(Data segment):
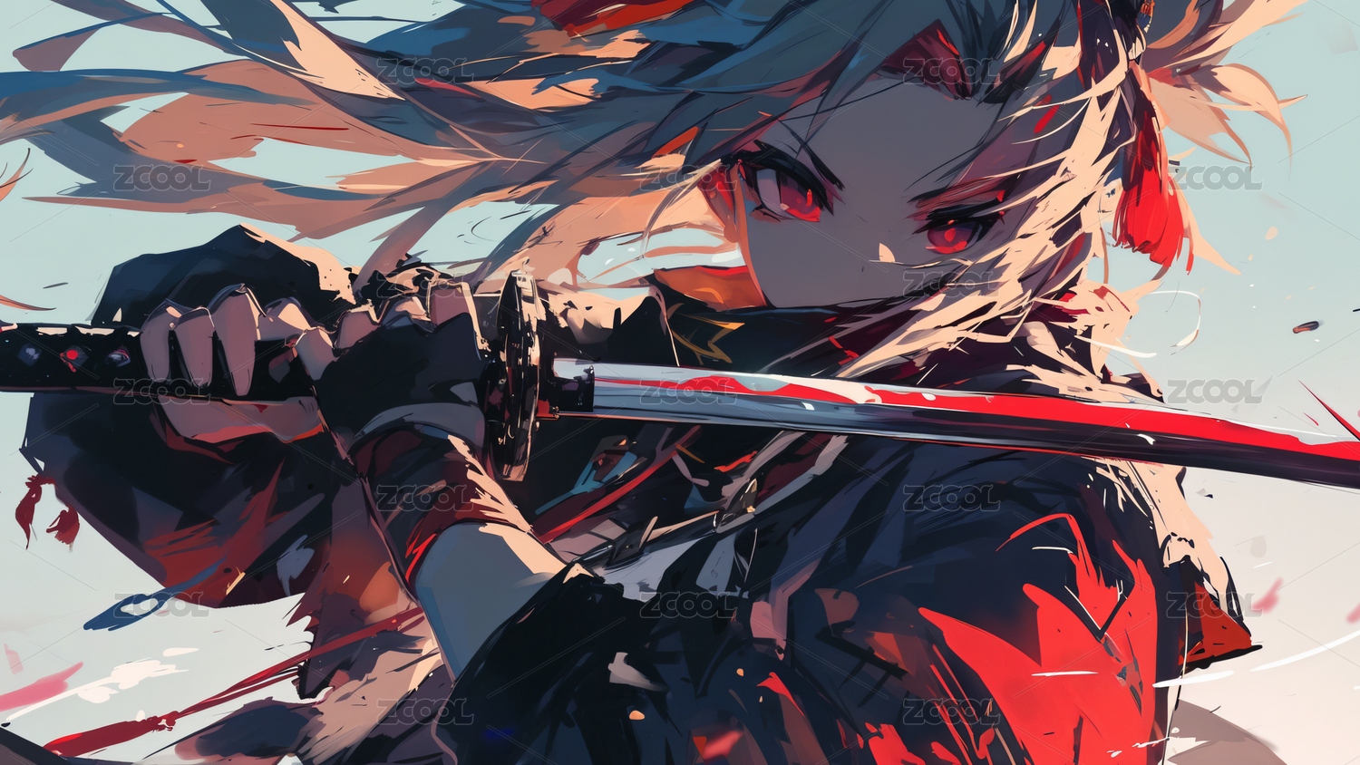 动漫二次元中世纪美少女骑士宝剑雪地教堂
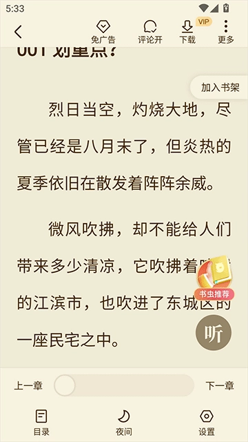 全免小说app界面简洁,广告稀少,为用户打造了优质的阅读体验。不仅如此,用户能够自由切换主题、字体、字号,还能开启夜间模式,尽享舒适阅读。此外,用户在阅读过程中可获取大量金币,完成任务更能免费领取会员。
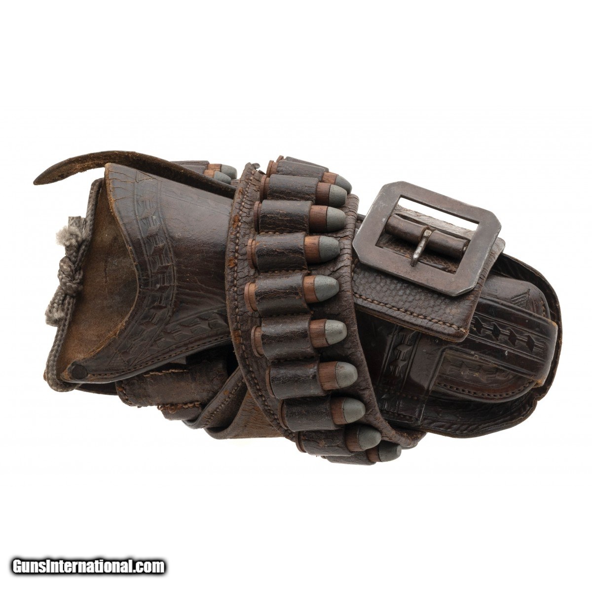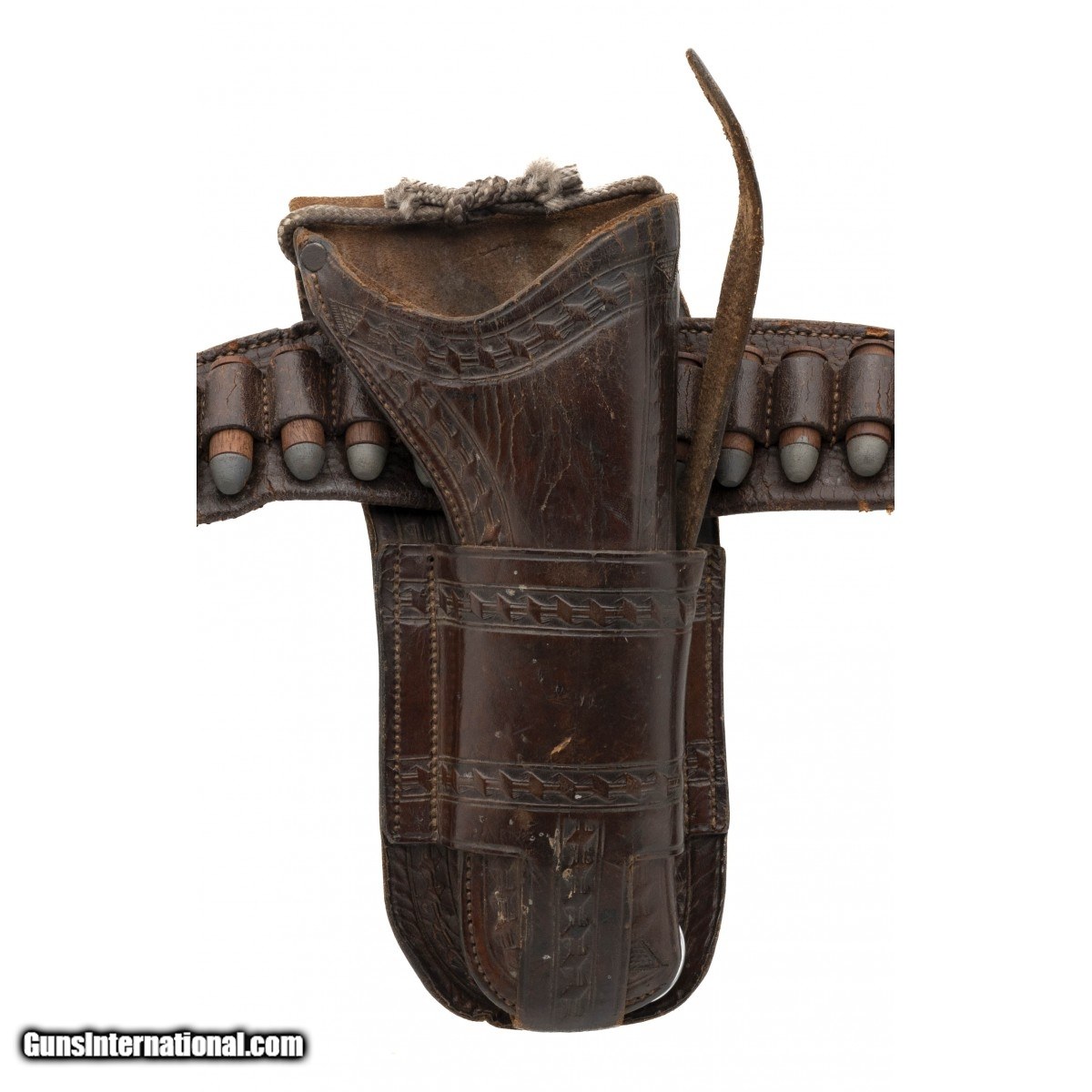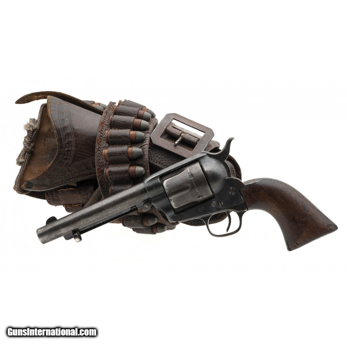 Description: "Serial number 1605. Made in 1874. 45 LC caliber with a 5 ½" barrel. This is a nice sharp Artillery Model Colt Single Action. These were made out of Cavalry model parts for the Spanish American war. These guns are all correctly mismatched. This is a nice sharp gun with a mostly dark gray patina. The frame has a dark gray to bluish finish which appear to be original manila arsenal case colors. This gun comes with a fantastic gun belt and Holster rig. The holster is the “jock strap" style and is tooled. No makers marks were observed. SOLD Antique: Yes |

(Assignment):
Starting at the line that contains "全免小说app界面简洁,广告", extract each line through the last line of the material exactly as written, and include no pictures.

(Response area):
 全免小说app界面简洁,广告稀少,为用户打造了优质的阅读体验。不仅如此,用户能够自由切换主题、字体、字号,还能开启夜间模式,尽享舒适阅读。此外,用户在阅读过程中可获取大量金币,完成任务更能免费领取会员。
 Description: "Serial number 1605. Made in 1874. 45 LC caliber with a 5 ½" barrel. This is a nice sharp Artillery Model Colt Single Action. These were made out of Cavalry model parts for the Spanish American war. These guns are all correctly mismatched. This is a nice sharp gun with a mostly dark gray patina. The frame has a dark gray to bluish finish which appear to be original manila arsenal case colors. This gun comes with a fantastic gun belt and Holster rig. The holster is the “jock strap" style and is tooled. No makers marks were observed. SOLD Antique: Yes |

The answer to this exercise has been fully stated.